(Beginning of Data shown)

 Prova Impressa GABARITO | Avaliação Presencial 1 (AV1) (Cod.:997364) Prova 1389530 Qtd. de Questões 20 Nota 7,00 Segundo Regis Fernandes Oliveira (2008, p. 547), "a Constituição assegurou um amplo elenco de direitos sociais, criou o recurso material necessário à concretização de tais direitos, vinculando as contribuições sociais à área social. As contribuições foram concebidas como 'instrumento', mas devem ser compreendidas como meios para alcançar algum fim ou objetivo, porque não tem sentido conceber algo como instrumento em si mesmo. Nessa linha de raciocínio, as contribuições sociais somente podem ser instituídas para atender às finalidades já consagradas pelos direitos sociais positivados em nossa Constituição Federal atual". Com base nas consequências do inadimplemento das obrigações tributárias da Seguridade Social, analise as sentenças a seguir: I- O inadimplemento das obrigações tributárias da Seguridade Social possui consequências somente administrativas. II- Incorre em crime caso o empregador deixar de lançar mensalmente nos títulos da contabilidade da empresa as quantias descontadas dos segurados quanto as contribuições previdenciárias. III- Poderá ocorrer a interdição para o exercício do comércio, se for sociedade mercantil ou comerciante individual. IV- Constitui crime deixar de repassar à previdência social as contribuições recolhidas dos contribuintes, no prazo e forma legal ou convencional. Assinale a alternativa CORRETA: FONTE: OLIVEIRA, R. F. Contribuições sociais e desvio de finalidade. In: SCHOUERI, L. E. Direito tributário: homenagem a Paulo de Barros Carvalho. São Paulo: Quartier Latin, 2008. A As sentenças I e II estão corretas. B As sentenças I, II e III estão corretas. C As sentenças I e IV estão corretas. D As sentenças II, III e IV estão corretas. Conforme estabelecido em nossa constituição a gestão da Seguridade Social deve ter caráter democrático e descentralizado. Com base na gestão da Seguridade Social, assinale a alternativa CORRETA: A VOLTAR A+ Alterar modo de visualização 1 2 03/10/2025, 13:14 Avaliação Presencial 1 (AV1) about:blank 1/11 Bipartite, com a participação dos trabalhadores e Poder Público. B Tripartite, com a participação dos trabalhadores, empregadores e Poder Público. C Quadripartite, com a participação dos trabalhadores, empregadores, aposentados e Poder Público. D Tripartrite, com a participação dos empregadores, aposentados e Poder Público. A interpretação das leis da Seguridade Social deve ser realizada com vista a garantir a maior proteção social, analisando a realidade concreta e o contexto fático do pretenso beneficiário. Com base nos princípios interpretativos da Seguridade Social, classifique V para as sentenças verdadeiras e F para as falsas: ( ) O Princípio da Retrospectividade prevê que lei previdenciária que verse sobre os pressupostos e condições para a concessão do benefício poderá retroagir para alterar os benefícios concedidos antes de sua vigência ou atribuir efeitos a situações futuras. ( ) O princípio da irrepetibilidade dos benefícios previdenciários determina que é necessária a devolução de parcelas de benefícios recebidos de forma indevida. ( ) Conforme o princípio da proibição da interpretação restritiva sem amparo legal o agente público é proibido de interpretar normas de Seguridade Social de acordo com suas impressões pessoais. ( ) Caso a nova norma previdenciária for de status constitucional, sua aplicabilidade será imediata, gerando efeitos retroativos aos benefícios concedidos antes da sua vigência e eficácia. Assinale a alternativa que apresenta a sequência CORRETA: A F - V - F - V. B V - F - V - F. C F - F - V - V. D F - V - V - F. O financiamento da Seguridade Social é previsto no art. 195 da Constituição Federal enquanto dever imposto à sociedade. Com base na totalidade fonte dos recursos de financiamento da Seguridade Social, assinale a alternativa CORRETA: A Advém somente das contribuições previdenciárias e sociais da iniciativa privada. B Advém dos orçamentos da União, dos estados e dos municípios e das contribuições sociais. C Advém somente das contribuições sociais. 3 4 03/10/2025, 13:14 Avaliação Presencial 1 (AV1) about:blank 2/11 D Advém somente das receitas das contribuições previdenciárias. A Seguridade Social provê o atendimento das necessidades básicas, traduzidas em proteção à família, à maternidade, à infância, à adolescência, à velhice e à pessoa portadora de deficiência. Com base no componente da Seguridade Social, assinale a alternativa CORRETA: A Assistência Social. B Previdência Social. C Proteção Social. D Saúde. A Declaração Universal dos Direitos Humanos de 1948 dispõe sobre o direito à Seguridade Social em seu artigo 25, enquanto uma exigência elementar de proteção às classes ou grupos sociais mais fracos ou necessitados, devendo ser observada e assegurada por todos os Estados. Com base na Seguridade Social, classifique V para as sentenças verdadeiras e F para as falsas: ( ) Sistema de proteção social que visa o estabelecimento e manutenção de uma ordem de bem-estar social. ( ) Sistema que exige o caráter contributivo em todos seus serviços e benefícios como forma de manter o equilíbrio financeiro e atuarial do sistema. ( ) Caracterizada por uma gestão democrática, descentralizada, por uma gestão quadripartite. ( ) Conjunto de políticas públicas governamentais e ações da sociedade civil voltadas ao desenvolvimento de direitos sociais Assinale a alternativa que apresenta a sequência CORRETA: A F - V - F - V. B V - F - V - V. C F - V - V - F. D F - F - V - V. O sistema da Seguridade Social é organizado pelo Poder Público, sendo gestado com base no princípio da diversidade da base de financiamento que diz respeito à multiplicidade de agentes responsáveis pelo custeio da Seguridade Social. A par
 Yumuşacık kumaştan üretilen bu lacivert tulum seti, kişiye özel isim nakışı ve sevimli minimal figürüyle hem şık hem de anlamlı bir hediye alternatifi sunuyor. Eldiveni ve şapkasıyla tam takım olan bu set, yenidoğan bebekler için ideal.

(End of Data shown)
(Beginning of Data shown)

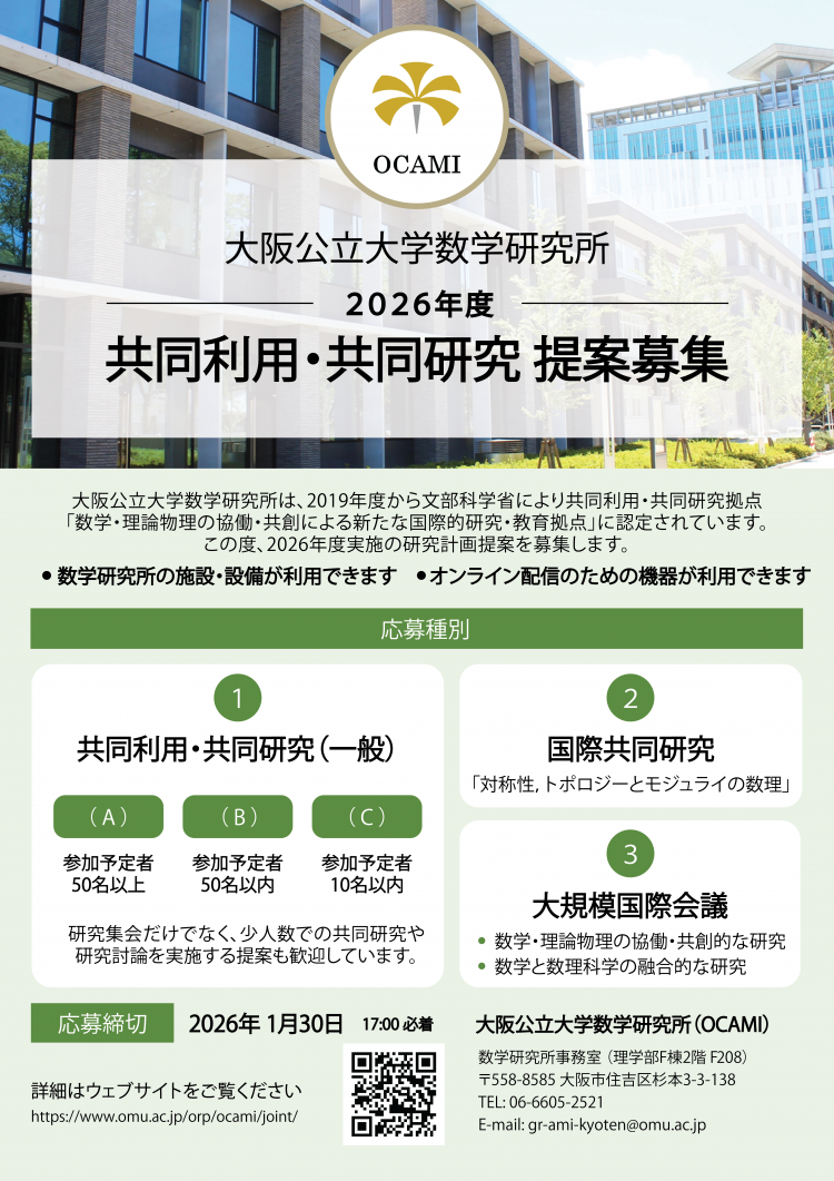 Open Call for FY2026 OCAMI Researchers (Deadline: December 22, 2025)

(End of Data shown)
(Beginning of Data shown)

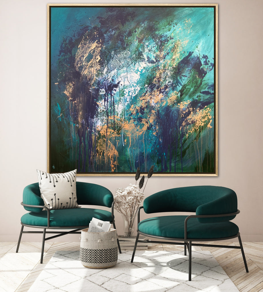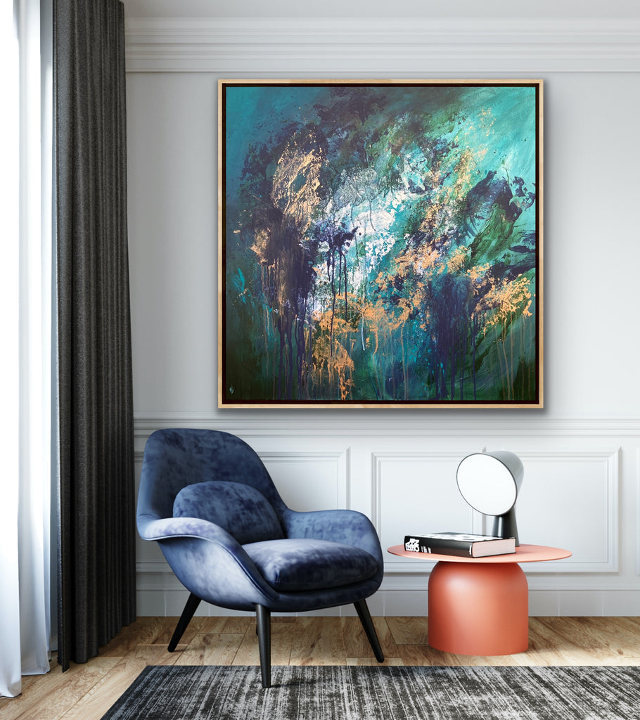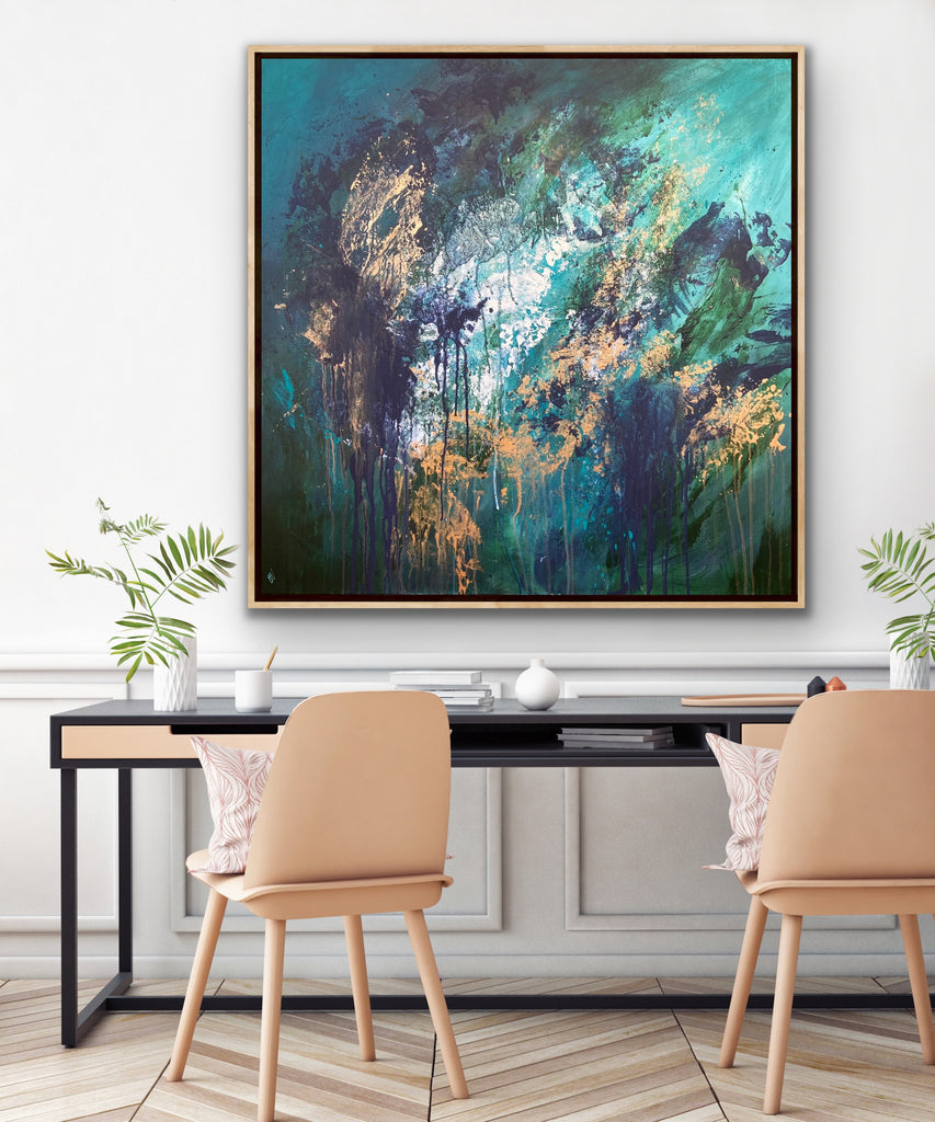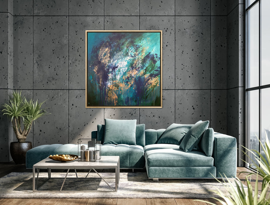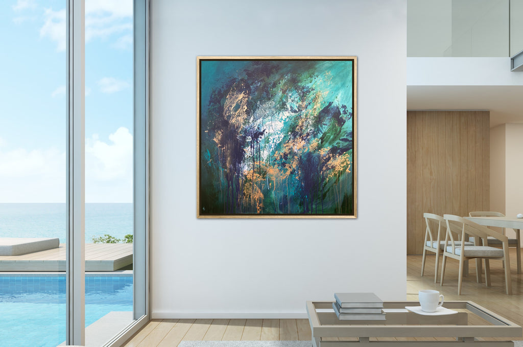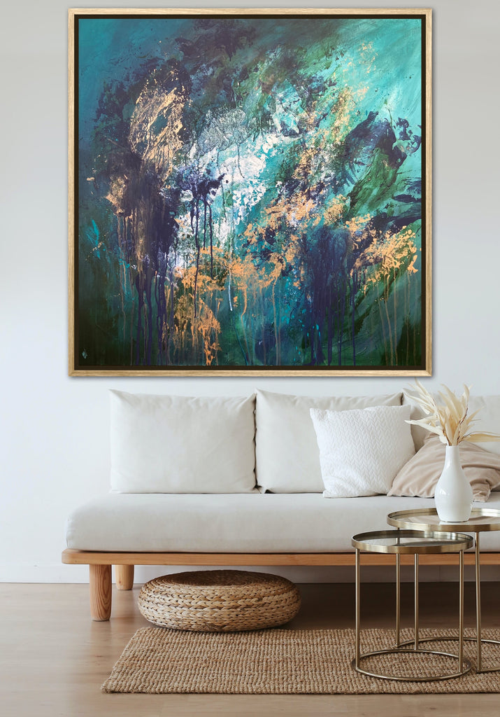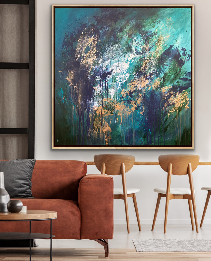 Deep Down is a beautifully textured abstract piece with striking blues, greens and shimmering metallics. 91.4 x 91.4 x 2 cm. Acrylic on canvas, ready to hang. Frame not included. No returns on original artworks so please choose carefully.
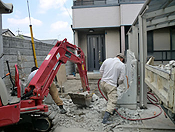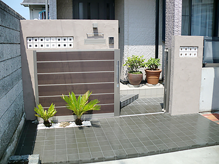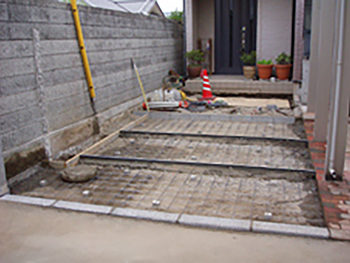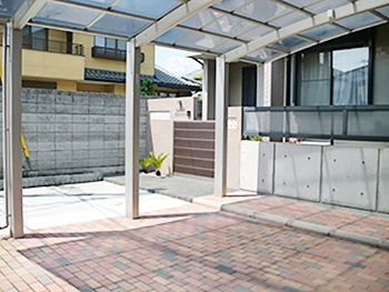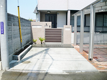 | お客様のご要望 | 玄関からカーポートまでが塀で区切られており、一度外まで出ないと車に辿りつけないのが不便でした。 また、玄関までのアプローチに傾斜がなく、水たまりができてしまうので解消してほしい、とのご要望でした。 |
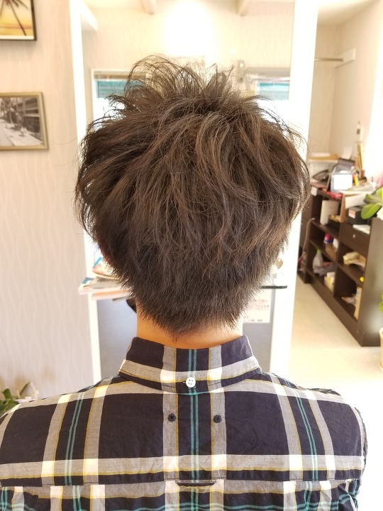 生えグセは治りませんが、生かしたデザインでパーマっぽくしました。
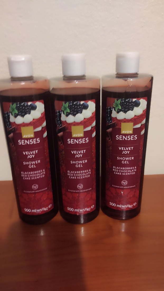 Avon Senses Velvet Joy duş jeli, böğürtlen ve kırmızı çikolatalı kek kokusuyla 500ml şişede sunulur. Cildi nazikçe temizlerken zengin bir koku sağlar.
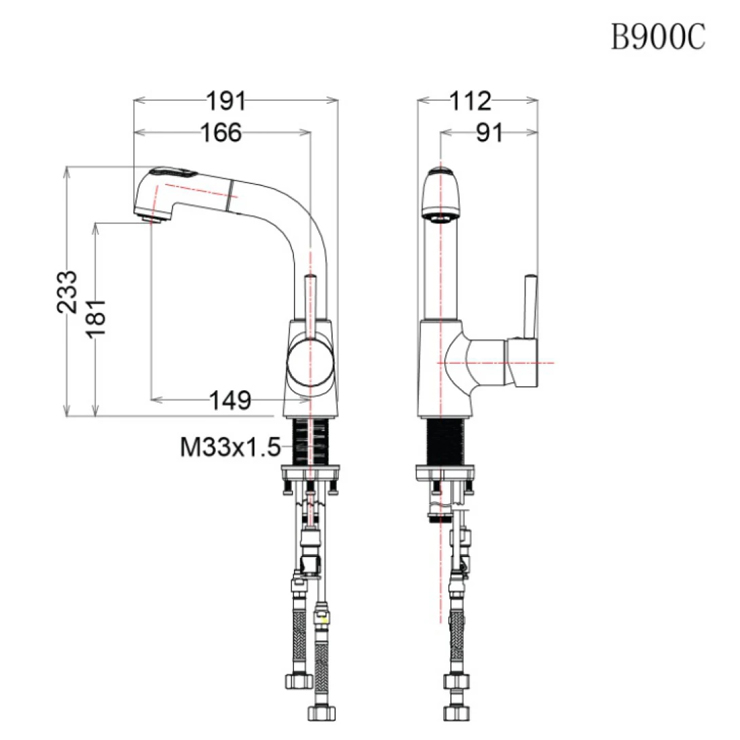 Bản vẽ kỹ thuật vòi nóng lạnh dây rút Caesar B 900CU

(End of Data shown)

> **What the exercise asks**
Given the listing above, repeat exactly the lines starting at the one with "お客様のご要望 | 玄関からカーポートまでが塀で区切られており、一度外まで出ないと車に辿りつけないのが不便でした。" and ending at the one with "Bản vẽ kỹ thuật", inclusive, excluding pictures.

> **Result**
 | お客様のご要望 | 玄関からカーポートまでが塀で区切られており、一度外まで出ないと車に辿りつけないのが不便でした。 また、玄関までのアプローチに傾斜がなく、水たまりができてしまうので解消してほしい、とのご要望でした。 |
 生えグセは治りませんが、生かしたデザインでパーマっぽくしました。
 Avon Senses Velvet Joy duş jeli, böğürtlen ve kırmızı çikolatalı kek kokusuyla 500ml şişede sunulur. Cildi nazikçe temizlerken zengin bir koku sağlar.
 Bản vẽ kỹ thuật vòi nóng lạnh dây rút Caesar B 900CU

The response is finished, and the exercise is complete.